Song by Glen Campbell and The Wrecking Crew

from the album Glen Campbell: I'll Be Me soundtrack
- Released: September 30, 2014
- Recorded: January 2013
- Studio: Sunset Sound
- Genre: Country
- Length: 2:56
- Songwriter(s): Glen Campbell; Julian Raymond;
- Producer(s): Raymond

= I'm Not Gonna Miss You =

"I'm Not Gonna Miss You" is a song recorded by American country music artist Glen Campbell and The Wrecking Crew. Co-written by Campbell and producer Julian Raymond, the song was released on September 30, 2014, for the soundtrack to the documentary Glen Campbell: I'll Be Me, which focuses on the singer's diagnosis of Alzheimer's disease and his final tour.

"I'm Not Gonna Miss You" is the last song to be recorded by Campbell.

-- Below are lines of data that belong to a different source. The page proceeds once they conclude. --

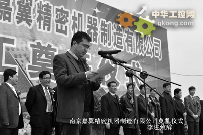 圖為南京嘉翼精密機器製造有限公司奠基儀式,董事長李進致辭。
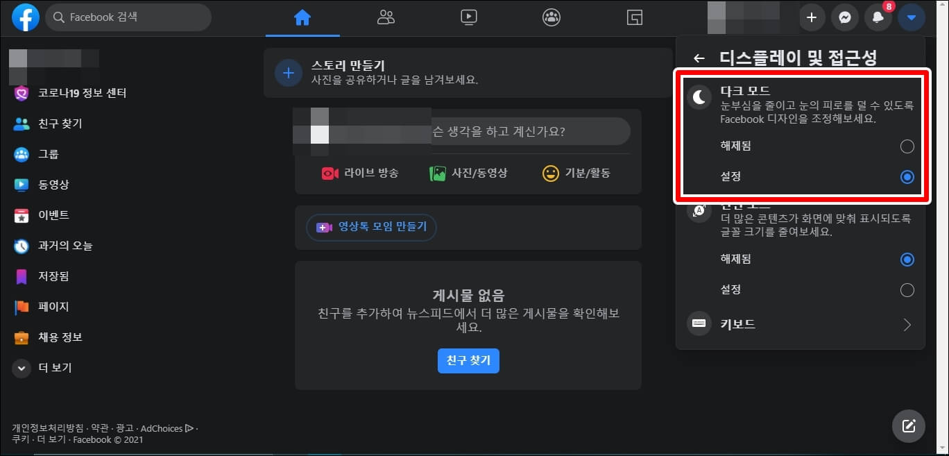 1. 페이스북 PC버전 다크 모드
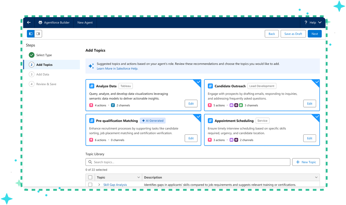 With Agentforce 2.0, you don’t need to build everything from scratch. The platform comes with a growing library of pre-built skills designed for the most common (and time-consuming) business functions, sales follow-ups, support case routing, campaign management, and more.
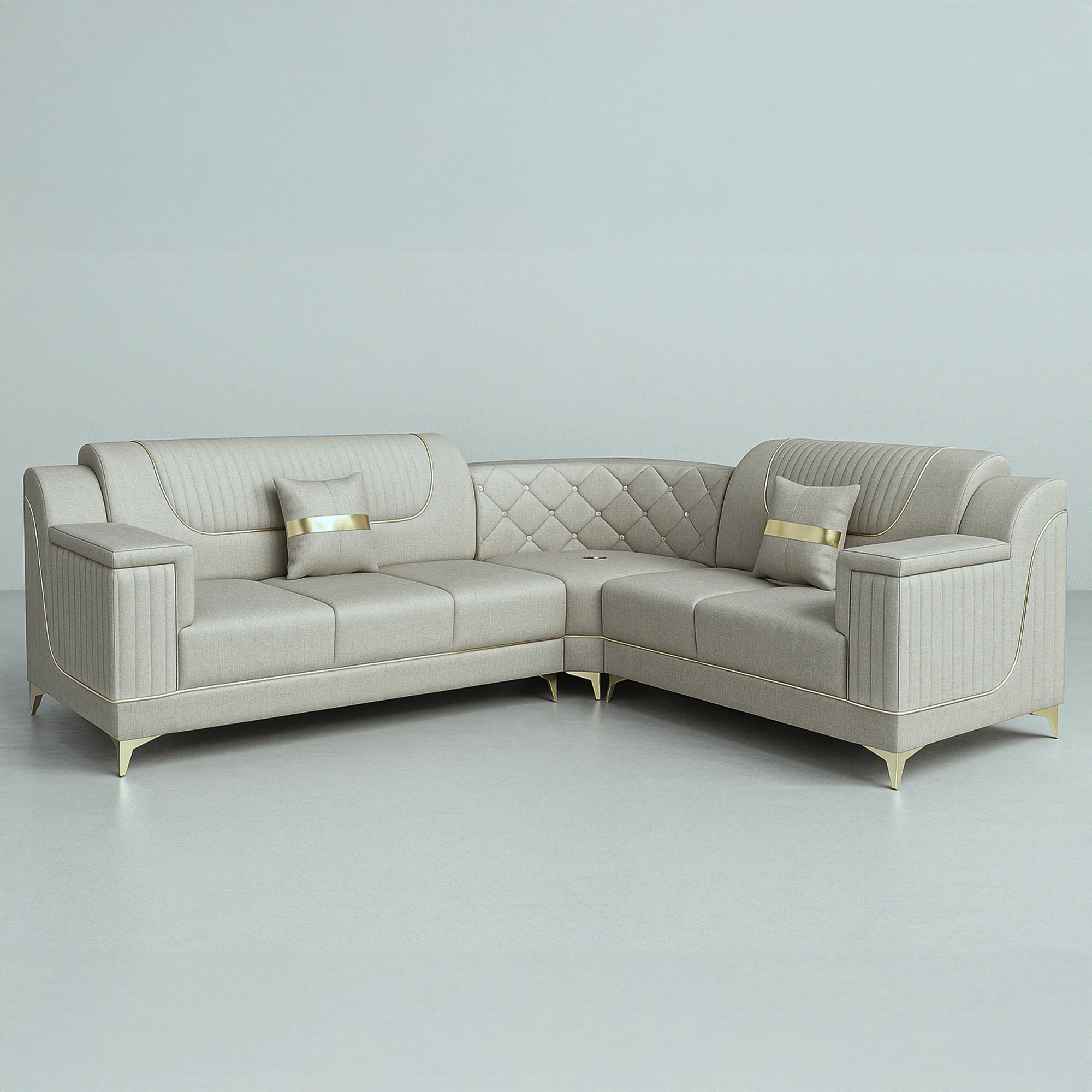 The Valencia sofa makes a breathtaking statement with its elegant, champagne-beige linen-weave fabric, which is beautifully contrasted by gleaming gold accents. Delicate gold piping traces the sofa’s refined curves, while the sculptural gold legs provide a chic, elevated foundation. The exquisite corner section features diamond tufting, each point punctuated with a subtle crystal button that catches the light and adds a touch of opulent sparkle.
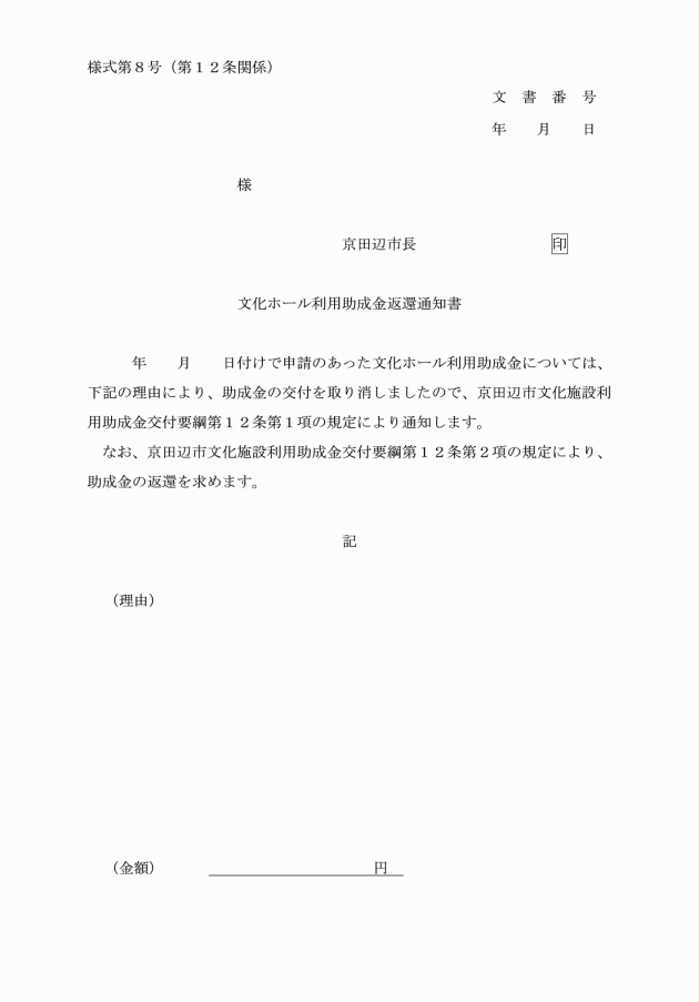 第12条 市長は、申請者が偽りの申請その他不正の手段により助成金の交付を受けたと認めたときは、助成金の交付を取り消し、文化ホール利用助成金返還通知書(別記様式第8号)により通知するものとする。
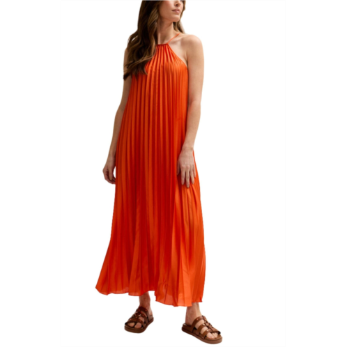 The Philomena maxi dress in orange is a floor-length masterpiece featuring a flattering halter neck design that beautifully frames the shoulders. The delicate pleats create fluid movement, enhancing the dress’s luxurious feel.

The song was nominated for Best Original Song at the 87th Academy Awards. During the ceremony, the song was performed by Tim McGraw. It also won the Grammy Award for Best Country Song.

== Background ==
"I'm Not Gonna Miss You" was initiated by Julian Raymond who pitched an idea of recording the song to James Keach, director of Glen Campbell: I'll Be Me, who eventually decided to use the footage of the recording session as one of the final scenes in the documentary. Raymond discussed the inspiration behind the song:

[Campbell] had a hard day of people asking him about Alzheimer's and how he felt about it. He didn't talk too much about it, but came up to me and said, 'I don't know what everybody's worried about. It's not like I'm going to miss anyone, anyway.' [...] The song by design is simple. I knew we couldn't do something like "Wichita Lineman" that had complicated key changes or bigger-range stuff.

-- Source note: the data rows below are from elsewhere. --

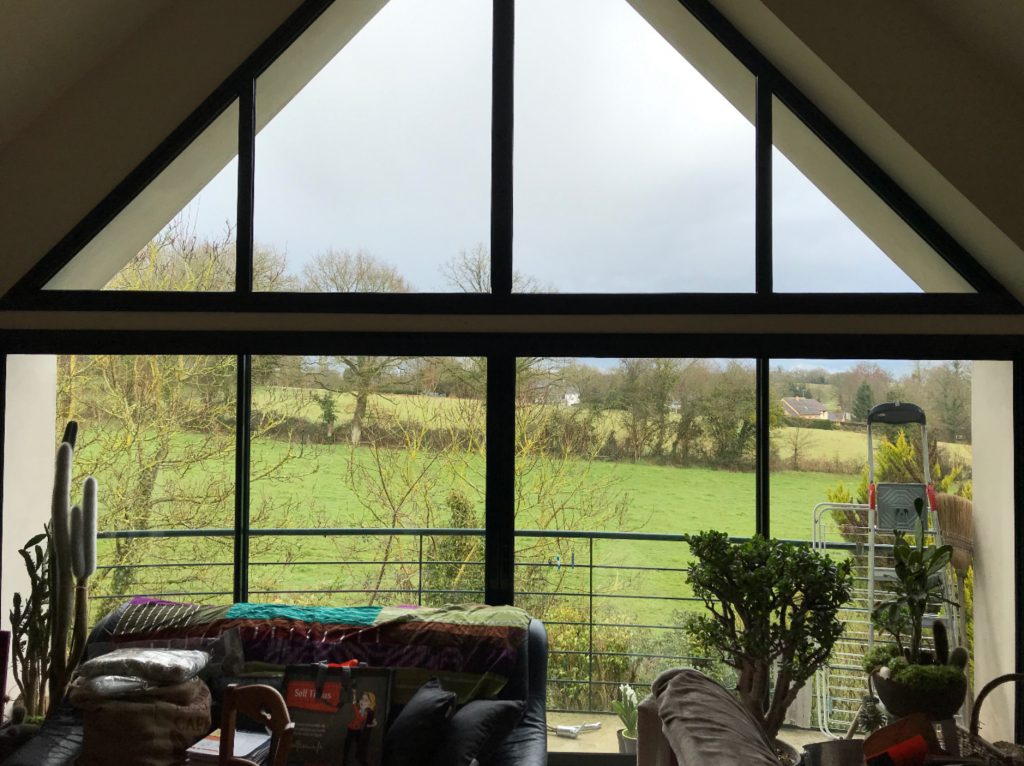 La mezzanine est fermée par une verrière et une verrière en rappel vient fermer la cage d’escalier, de même que le bar de la cuisine
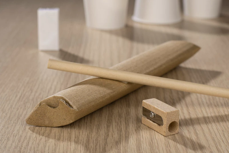 Ekologiczny zestaw składający się z drewnianego ołówka, temperówki i gumki. Całość zapakowana w kartonowe pudełko. Logo zrobimy metodą tampodruku lub graweru.
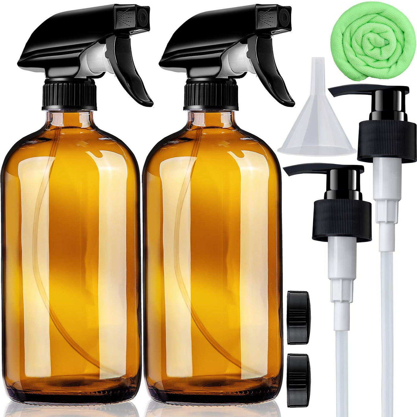 Amber Glass Spray Bottles 16 Oz Pump Bottle (2 Pack) Refillable Cosmetic Containers Brown Mist & Stream Mister For Essential Oil
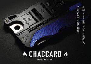 財布やポケットに収まる、わずか厚さ8.7mmのカードサイズ。その小さなボディに、火を起こす、枝を切る、ロープを裂く…など、アウトドアで必要な“生きるための機能”を詰め込んだツール──それがチャッカード(CHACCARD)です。

The song was recorded over four takes within one day. The song also features the members of The Wrecking Crew, the musicians that Campbell had collaborated with before. It was recorded in January 2013 in Los Angeles, and is part of the soundtrack for Glen Campbell: I'll Be Me which premiered on October 24, 2014.

==Personnel==

Partial credits from AllMusic.

- Glen Campbell – vocals, guitar
- Joe Osborn – bass
- Don Randi – piano
- Hal Blaine – drums

==Accolades==

| Year | Award | Category | Result | Ref. |
| 2015 | 87th Academy Awards | Best Original Song | Nominated |  |
| 2015 | 57th Annual Grammy Awards | Best Country Song | Won |  |
| 2015 | Best Song Written for Visual Media | Nominated |  |
| 2015 | 19th Satellite Awards | Best Original Song | Nominated |  |

==Elton John version==
In a virtual duet with Glen Campbell, Elton John released "I'm Not Gonna Miss You" as the final track of his October 2021 collaborative album The Lockdown Sessions.